# Caribbean Vacations Forums > St. Maarten/St. Martin Travel Forum >  >  We spent 2 days in Grand Case during our recent trip to St. Barts staying at Le Petit Hotel. My impression is that, although it seems shabbier than I remember, the dining there is still wonderful. We

## JoshA

We spent 2 days in Grand Case during our recent trip to St. Barts staying at Le Petit Hotel. My impression is that, although it seems shabbier than I remember, the dining there is still wonderful. We had great meals at L'Estaminet and L'Escapade - both, in my opinion, better than what we experienced in St. Barts for about the same price. We had some rain during this time but the dining and the rainbows partially compensated.

----------


## Theresa

Hi Josh,

We noticed the same thing in November:  Grand Case does seem shabbier.  Like you, we had a wonderful meal at L'Estaminent.  It came highly recommended by Lyliane and Michel of The Gate House.  Everything about it was perfect.

----------


## JoshA

Makes sense, Theresa. They recommended L'Estaminet to us as well. I believe St. Martin/Sint Maarten will be moving toward the COM model like St. Barts but seem headed for disaster. They don't seem to have the organization or political will to turn things around. Places that were open 2 years ago are now boarded up.

----------


## Theresa

Agreed.  Marigot seemed like a ghost town.

----------


## KevinS

> Agreed.  Marigot seemed like a ghost town.

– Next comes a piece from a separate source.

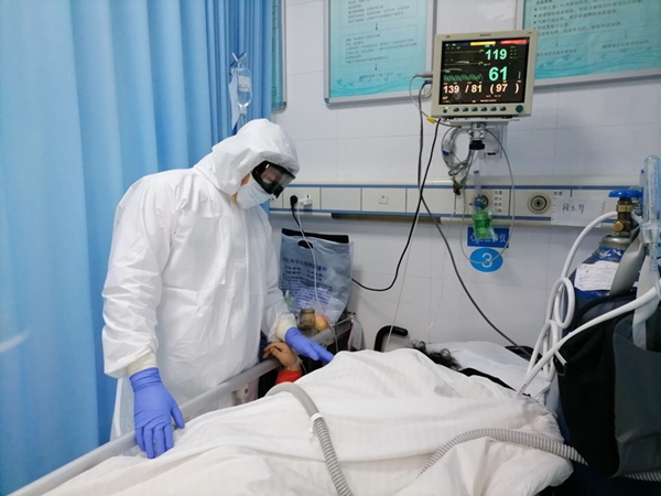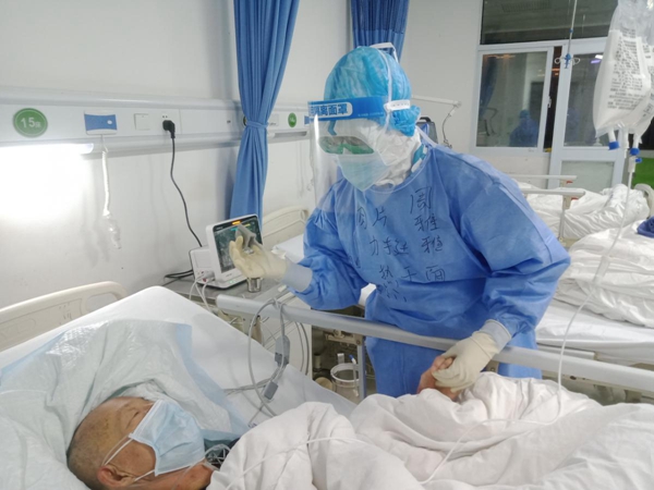 协和武汉红十字会医院急诊科副主任吕希俊正在与重症新冠肺炎患者交流,进行心理安慰,鼓励病人增强信心,早日康复。(武汉市江汉区纪委监委供 邱琼 摄)

The Dollar to Euro exchange rate is keeping more tourists on the Dutch Side.

----------


## andynap

> Agreed.  Marigot seemed like a ghost town. 
> 
> 
> 
> The Dollar to Euro exchange rate is keeping more tourists on the Dutch Side.



Many articles in the Daily Herald about the euro and it's effect on French St. Martin's lack of tourism and stores closing in Marigot. I can't say I'm happy about that even tho we normally stay in Grand Case.

----------


## andynap

Theresa- where is L'Estaminent? It must be new.

----------


## Jeanette

If you scroll down after using the link below, there is a map of all the Grand Case restaurants.  I don't leave Marigot until midnight, so I may have dinner in Grand Case. 

See you next Tuesday, Andy!  I'll look for the guy with the gas mask.

Grand Case Restaurants

----------


## andynap

> If you scroll down after using the link below, there is a map of all the Grand Case restaurants.  I don't leave Marigot until midnight, so I may have dinner in Grand Case. 
> 
> See you next Tuesday, Andy!  I'll look for the guy with the gas mask.
> 
> Grand Case Restaurants



Thanks- I can't stop laughing because that's the link I always send to people who stay in Grand Case- it never dawned on me to look at it myself.

----------


## Jeanette

I knew that you knew...but, I thought might have forgotten amidst the exuberance of your upcoming trip.  :)

----------